THE COLLAPSE OF THE CANADIAN MEDICAL ASSOCIATION JOURNAL

On February 20, 2006, when Dr. John Hoey, editor-in-chief of the
Canadian Medical Association Journal, returned to the Ottawa
headquarters of the Canadian Medical Association after a vacation,
his journal was in excellent shape. It ranked as the fifth leading
general medical journal in the world, and it received more than 100
original research papers per month, allowing the editors to be highly
selective in what they published. It had nearly 70,000 subscribers --
representing the more than 85 per cent of Canadian doctors who are
CMA members. Yet Dr. Hoey's decade as editor would end abruptly that
afternoon when the journal's publisher fired him and his senior
deputy editor, Anne Marie Todkill.

The publisher, Graham Morris, said that the firings were his decision
and denied that Dr. Hoey and Ms. Todkill lost their jobs over
specific articles. "I just felt that it was time for a fresh
approach," he said. Dr. Larry Erlick, a CMA board member who chaired
the journal oversight committee until mid-March, gave a different
explanation: "The issue is .. not about editorial independence --
it's about a relationship between parties and their ability to work
together." Yet to many observers, the primary issue seemed to be the
editors' independence. The CMA has been divided over whether it wants
an independent scientific journal with news and commentary or a
political organ for its members.

There were early signs of trouble. In 2001, the journal published an
editorial supporting the medical use of marijuana, contrary to the
CMA's position, and the CMA's general council complained to Dr. Hoey
about it. In 2002, another editorial sparked a firestorm: a man had
arrived at a Quebec emergency room in the midst of a myocardial
infarction, but it had closed at midnight, and he died en route to an
open ER; the CMAJ editorial criticized Quebec doctors for not having
staffed the ER. The case received enormous media attention, and the
province responded with a bill requiring general practitioners to
staff ERs around the clock.Yet "a lot of Quebec physicians were quite
offended and felt undeservedly judged by ... that editorial,"
recalled Eugene Bereza, former chair of the CMA's Committee on
Ethics. CMA leaders considered the editorial irresponsible, said
Larry Patrick, an Ontario physician who was a CMA board member at the
time. The CMA's president called for a retraction, but the CMAJ
editorial board cautioned the association that it was threatening the
journal's editorial independence.

That year, the CMA board set up a journal oversight committee, but
its functions were unclear. Former CMA president Dr. Dana Hanson said
it was to address CMA members' "valid concerns" about CMAJ
editorials; Dr. Erlick, its current chair, said it was to resolve
disputes among the editors, the publisher, and the CMA; and CMAJ
editors wrote that it was to help them maintain "harmonious
relations" with the CMA. Dr. Patrick, the committee's first chairman,
said Dr. Hoey wouldn't work with the committee, but others, including
former New England Journal of Medicine editor Dr. Jerome Kassirer,
found that the committee was unresponsive to the editors and was used
by the CMA as a new means to "complain about CMAJ content considered
politically inconvenient."[1]

Such content remained, and conflicts persisted. Last November, a
dispute arose over a news report on Plan B, the
emergency-contraception pill that had just gained over-the-counter
status in Canada. The reporters asked women throughout the country to
try to purchase the drug and found that they were asked to reveal
personal information to pharmacists. When one of the reporters
interviewed an official at the Canadian Pharmacists Association, the
group objected to the article on the grounds that pharmacists had
been observed unwittingly. The pharmacists' association had a
long-standing relationship with the CMA. The CMA's chief executive
officer, Bill Tholl, sided with the pharmacists and took his
objections to Mr. Morris, the CMAJ publisher.
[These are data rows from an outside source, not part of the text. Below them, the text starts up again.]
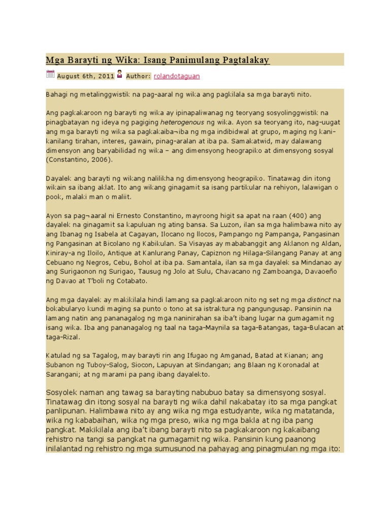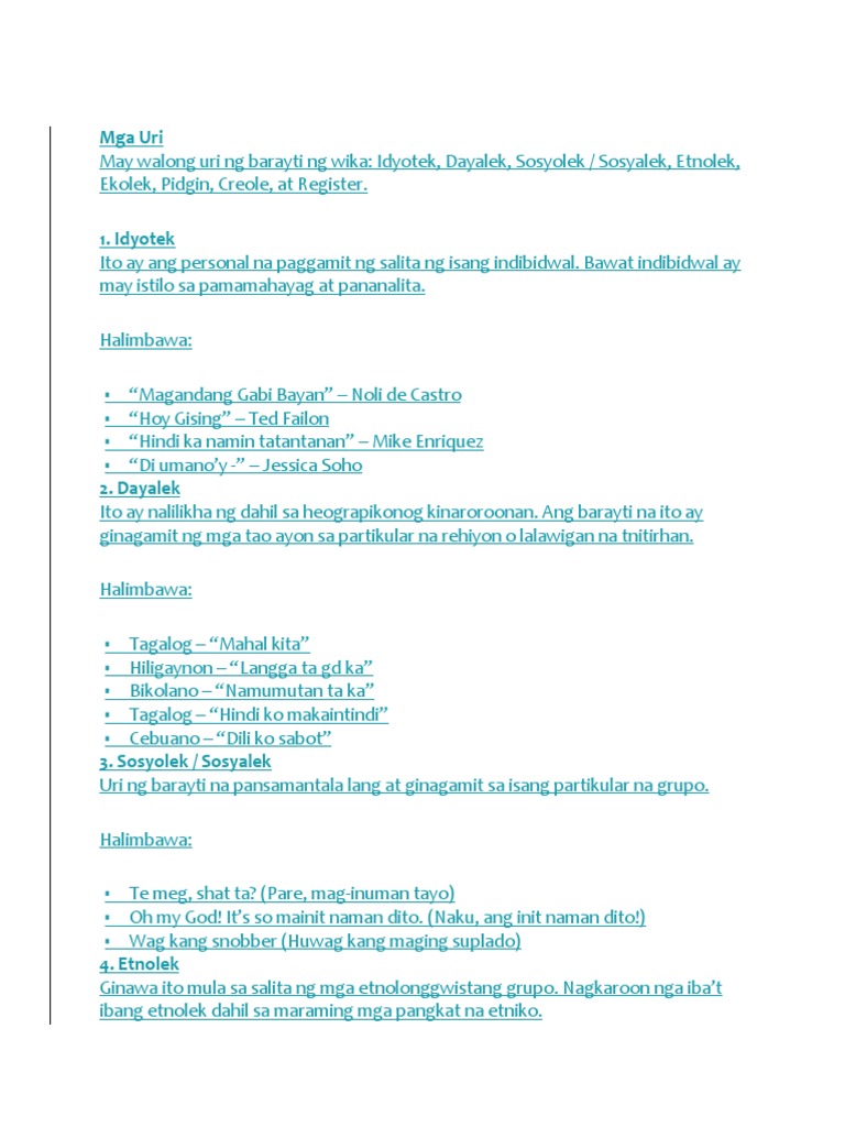 Mga Uri Ng Barayti Ng Wika Docx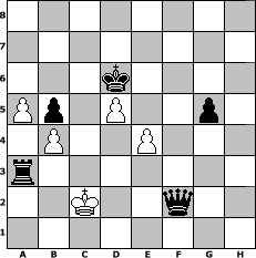 Partie-Notation im PGN-Format [Event "Turnier in den M"] [Site "www.mySchach.de"] [Date "2014.02.19"] [Round "1"] [White "borsti"] [Black "Achimkogge"] [ECO "C40"] [WhitemyELO "1229"] [BlackmyELO "1436"] [Result "0-1"] [TimeControl "10/2592000"] [WhiteDays "30"] [BlackDays "30"] [MySchachNr "93110"] 1. e4 e5 2. Nf3 d5 3. exd5 Qxd5 4. Nc3 Qe6 5. Bb5+ c6 6. Ba4 Qg4 7. Nxe5 Qxg2 8. Qf3 Qxf3 9. Nxf3 Nf6 10. d3 Bd6 11. Be3 O-O 12. O-O-O Bg4 13. Rhg1 Bxf3 14. Rde1 Re8 15. Bg5 Rxe1+ 16. Rxe1 Nbd7 17. Ne2 Re8 18. Kd2 h6 19. Bxf6 Nxf6 20. Nd4 Bf4+ 21. Re3 Bxe3+ 22. fxe3 Bd5 23. c4 Bg2 24. Bd1 g6 25. b4 Ng4 26. Bxg4 h5 27. Bf3 Bxf3 28. Nxf3 f6 29. h4 a6 30. d4 Re4 31. Kd3 Rg4 32. d5 cxd5 33. cxd5 Kf8 34. e4 Ke7 35. Kd4 Kd6 36. a4 b6 37. a5 b5 38. Ne1 Rxh4 39. Nd3 Rh1 40. Nc5 Rd1+ 41. Ke3 g5 42. Nxa6 h4 43. Nc5 Ra1 44. Kd4 h3 45. Nd3 h2 46. Nf2 Ra2 47. Ng4 h1=Q 48. Nxf6 Qg1+ 49. Kd3 Ra3+ 50. Kc2 Qf2+ 51. Kb1 Qxf6 52. Kc2 Qf2+ 0-1 Stellungs-Notation im FEN-Format 8/8/3k4/Pp1P2p1/1P2P3/r7/2K2q2/8 - - - 2 53 Geschlagene Figuren Weiss: Geschlagene Figuren Schwarz: Klicken Sie auf eine geschlagene Figur um den gewünschten Zug darzustellen!
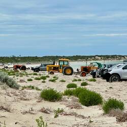Home of the King George Whiting and just this current week there have been several sightings of sharks in the area. There are many holiday homes [shacks] in this area and lots of old tractors which weLæs mere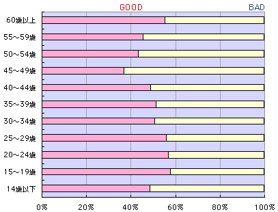 リクツはとにかく、自分自身の気持ちが、 こいつをグッドイメージ(GOOD)でとらえているか、 バッドイメージ(BAD)でとらえているか、 率直に答えてください。 どちらでもない、という気分の場合は、 むりやりにでもどちらかに決めてくださいね。 ついでなので、年齢層と性別と地域もクリックしてね。 あとで、傾向なんかを探ると、また遊べそうだから。 ついでに、テーマとしてとりあげてほしいモノゴトも 募集いたします。 宛先は、メールで [email protected]まで。 タイトルは、必ず、「モノゴト」としてくださいね。 (締め切りは、15日(水)中です。 結果は16日(木)に発表します。 次の更新は19日(日)の予定です。) |

Mr. Morris had come to the CMA in 2004 after a decade at a large
media conglomerate, but he was new to medical publishing. He told Dr.
Hoey not to run the Plan B article, arguing that the women's
observations could be considered scientific research that had not
received ethics approval. It was the first time Dr. Hoey's bosses had
told him to pull a story. Facing a crisis, the reporters offered to
remove the quotations from the consumers, and the journal published a
revised article. Even so, it was convincing, and after provincial
privacy commissioners expressed concern, pharmacy groups instructed
pharmacists to stop requesting personal information. But the
precedent stood: The CMAJ had changed an article at the request of
its publisher.

Dr. Hoey notified the journal oversight committee afterward, but he'd
lost confidence in it and asked Dr. Kassirer to lead an ad hoc
committee to assess what had happened. The result was duelling
oversight committees, one serving the editor and another apparently
serving the CMA. Dr. Erlick, of the CMA's committee, said the editors
had cut his committee "out of the loop." But three months later, that
committee hadn't responded to the editors. "The issue is still on our
agenda," Dr. Erlick said in early March. Dr. Kassirer's committee
examined documents, interviewed editors, and concluded that editorial
autonomy at the CMAJ was "to an important degree illusory."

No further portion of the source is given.